Do you have any advice for IE students and alumni who are looking to pursue a career in your field? What skills do you consider are needed to succeed in your field?
First: Conviction . To make the most of a career in sustainable business, it is crucial to believe in the cause that you are pursuing. Second, you will meet people with very diverse backgrounds and mindsets very different from your own, sometimes very un-business like, so openness is very important. And third, it is very different to convince someone to take a broader look on their business by taking social or ecological aspects into consideration, instead of just selling a new marketing strategy or a restructuring project. That’s why strong persuasion skills are elemental at the interface of business and sustainability and very much in line with the first two aspects.

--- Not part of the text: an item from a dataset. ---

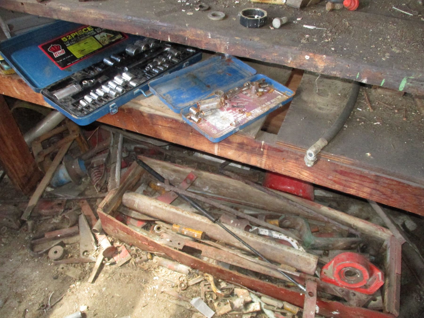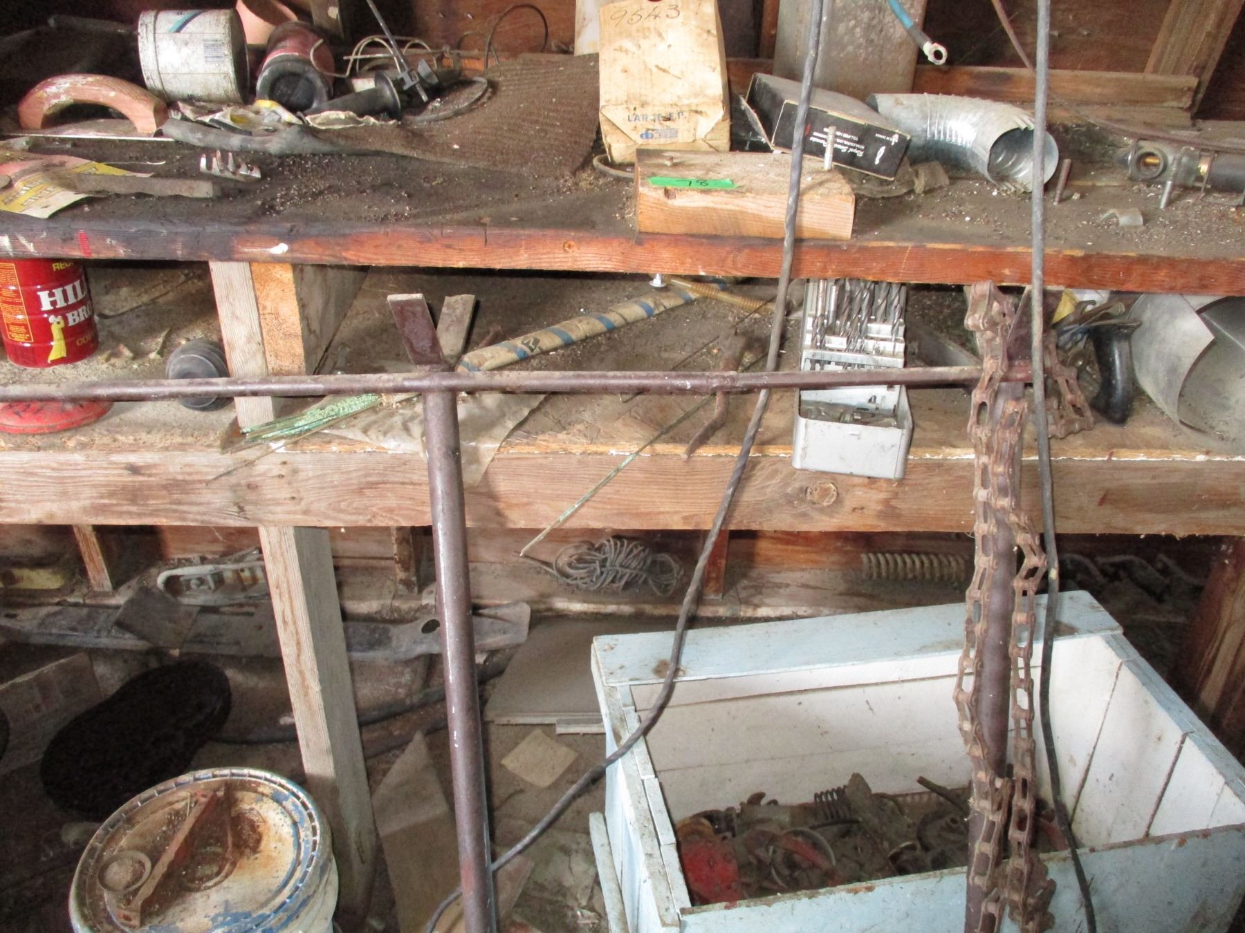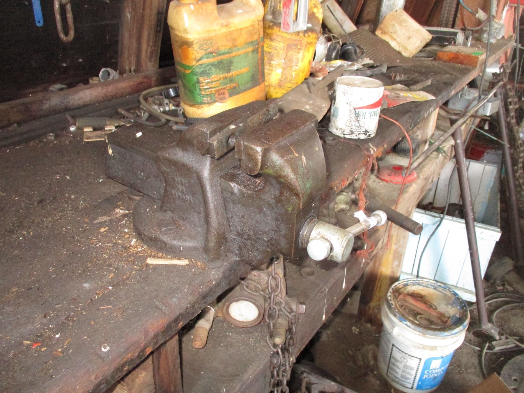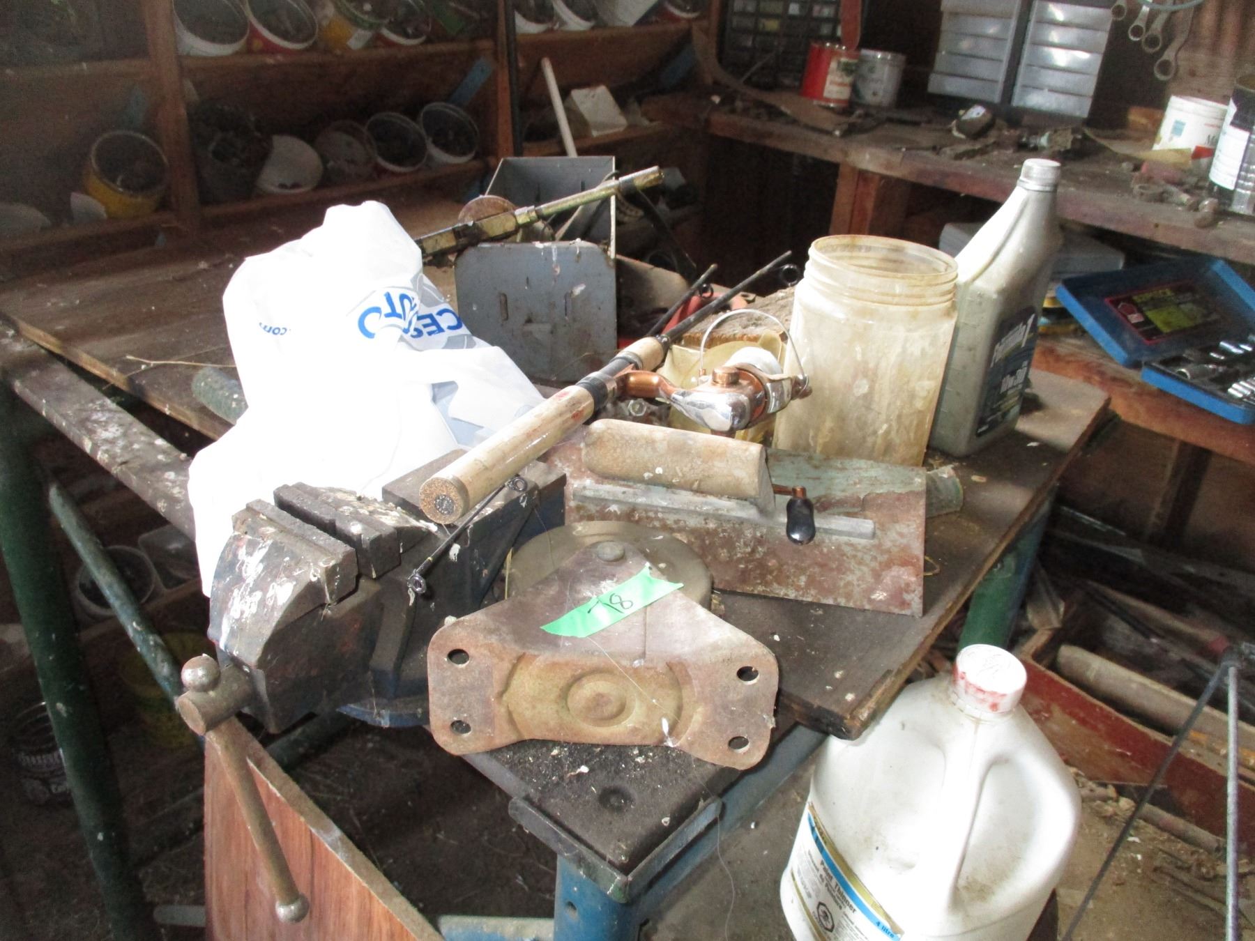 LOT - Work bench with wall contents - metal stand + (2) vises, wrenches, bolt bin, scrap iron, etc (large lot!)

What’s the best career advice you have ever been given?
Navigate your career like you would navigate icefloes. Only make the next jump once you know what the jump after will be. That advice helped me, first, to break down big career moves into several smaller ones, and second to focus in every role on what I need to learn in order to take the next step that I aim for.

What skills would you recommend job seekers develop in order to make them more competitive in today’s workforce?
I would focus on the fundamentals: Analytical and problem-solving skills. Considering how fast our world changes, your knowledge in a certain industry is probably outdated in one or two years after you’ve left it. Furthermore, this basic knowledge stays relevant if you fundamentally change your roles after the MBA.